Two men stand forth above all others in Chinese Communism. Both would be remarkable individuals in any historical setting. Their partnership has led them to be described by one hyphenated phrase: Chu-Mao: Chu Tê and Mao Tse-tung. Chu Tê, the military genius of Chinese Communism, was born of a gentry family in Szechuan, and attended the Yünnan Military Academy at the time that Chiang was in Japan; he entered the years of his early maturity as an aide to a provincial tuchün. According to Edgar Snow, he was at this time sunk in vice, enjoying wealth, opium-smoking, a harem, and the amenities of a war-lord existence.[6] Chu felt an urge within himself to escape this rut. He abandoned his worthless existence, leaving his harem provided for, and went to the coast, where he could become acquainted with the revolutionary movement. On the way he broke himself of the drug habit. He went to Europe, living in France and Germany, and in the latter country joined the Chinese Communist branch established among the students. He returned in 1926 during the Great Revolution, and served as political officer in the Kuomintang forces. Later he was instrumental in the creation of the Chinese Soviet Republic, and was the prime military leader of the Communist forces in the long civil war. He led the trek to the Northwest, and is esteemed as a military hero of Arthurian proportions. Friendly, candid, interested in specific tasks, he is characteristic of the superb leadership which preserved Communism in China. He is the only Chinese military leader who was not defeated by Chiang, although Chiang pursued him six thousand miles. Major Evans Carlson, the American Marine officer, compares him with Robert E. Lee, U. S. Grant, and Abraham Lincoln—drawing on the best features of each for the purpose.[7]

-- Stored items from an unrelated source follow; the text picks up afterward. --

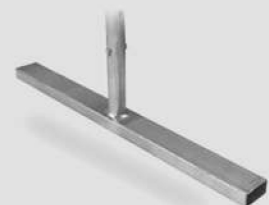
Heavy Duty Feet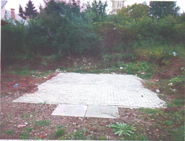
Latitude: N 47°43.006' (47°43'0.4"), Longitude: E 26°11.362' (26°11'21.7"), Altitude (Barometer): 219.00m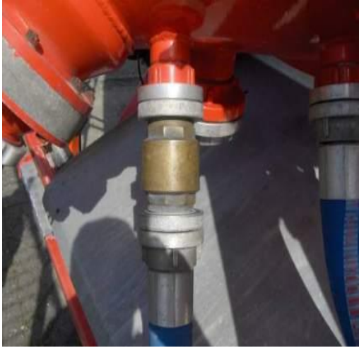
E62 Cleaning of air-manifold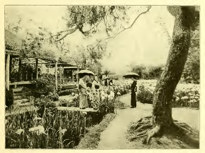
THE IRIS AT HORIKIRI, TOKIO.

OF the iris there are several Japanese varieties, known as ayama hanashobu, kakitsubata, shaga, etc. In Tokyo the most famous show of this flower is at Horikiri, "where in ponds and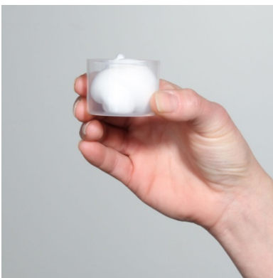
Figure E: Dispense enough EVOCLIN Foam to cover affected area.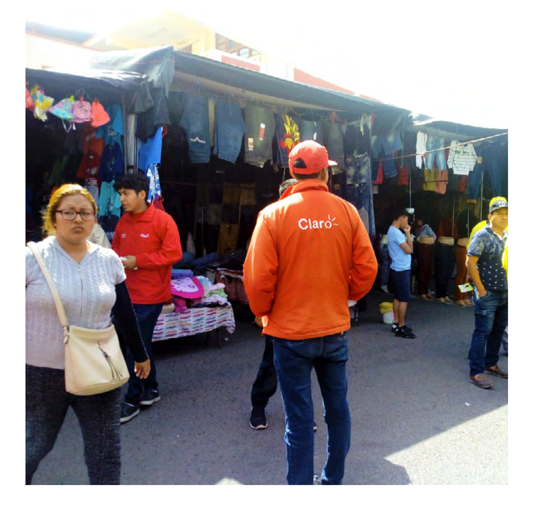
Figure 12: Cell phone service provider

Other services predominantly involves informal businesses, such as renting spaces in houses near the informal market and shower and bathroom services, in addition to alternative healthcare services, ranging from massages and natural skin care products to alternative treatments for discomforts or diseases. Conversely, formal services such as cell phone and microfinance companies take advantage of the informal economy in two broad senses: first, by harnessing the possibilities offered by the informal market in terms of access to and variety of buyers and, second, by hiring young people, predominantly contractors, who must reach specific sales goals for their monthly salaries (Figure 13).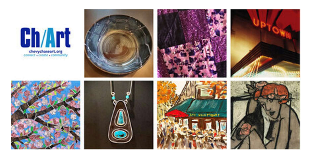
POP-UP ART SHOW April 24, 11am-5pm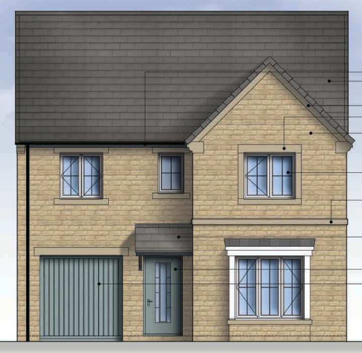
Mapleford Stone Edge Typical Elevation

Mao Tse-tung was born in Hunan in 1893 of a well-to-do farmer family. His autobiography, dictated to Edgar Snow, is a classic of Western literature on China.[8] His history was that of many other restless young Chinese intellectuals, struggling for education amidst turmoil, and adjusting their sense of values to the chaotic early Republic. He was caught up by the Marxism of the literary Renaissance after 1917, served in the Kuomintang during the Great Revolution, and worked as head of the All-China Peasants Union. During the Soviet period, in which he first became a colleague of Chu Tê, he stood forth as the chief political leader. He and Chu between them formed a team to rival Generalissimo Chiang, although Mao shared his political leadership with various others, particularly Chang Kuo-tao. Mao is an expert dialectician, skilled in rationalizing the policies of the Communist International, and keenly critical within the limits of his Marxian orthodoxy. Less genial than Chu Tê, he is nevertheless an inspiring leader. His political skill, in following the lurches and shifts of the Stalin party line while simultaneously leading an enormous Chinese peasant revolt, is monumental. His earlier rivals and colleagues are in most cases dead or forgotten. He survived both ideological and practical ordeals.

A third Communist leader, Chou En-lai, is of importance because he acts as liaison officer between the National Government and the Frontier Area. The Communist quasi-legation in Chungking is maintained as a purchasing and communications office of the Eighteenth Army Corps (formerly Eighth Route Army). Chou, who studied abroad in Japan, France, and Germany, served at the Whampoa academy under Chiang, and in the period of civil war he was one of the chief political officers, twice Chinese Communist delegate to Moscow. He is an old acquaintance of many Kuomintang leaders from Chiang on down, and appears to be one of the most successful diplomats in the world. Despite acrimony from secondary leaders on both sides, Chiang and Mao seek to maintain their alliance against Japan, and Chou is their chief intermediary. At Chungking he is seconded by the alert, brilliant Ch'in Po-k'u, a veteran of Communist political-bureau work.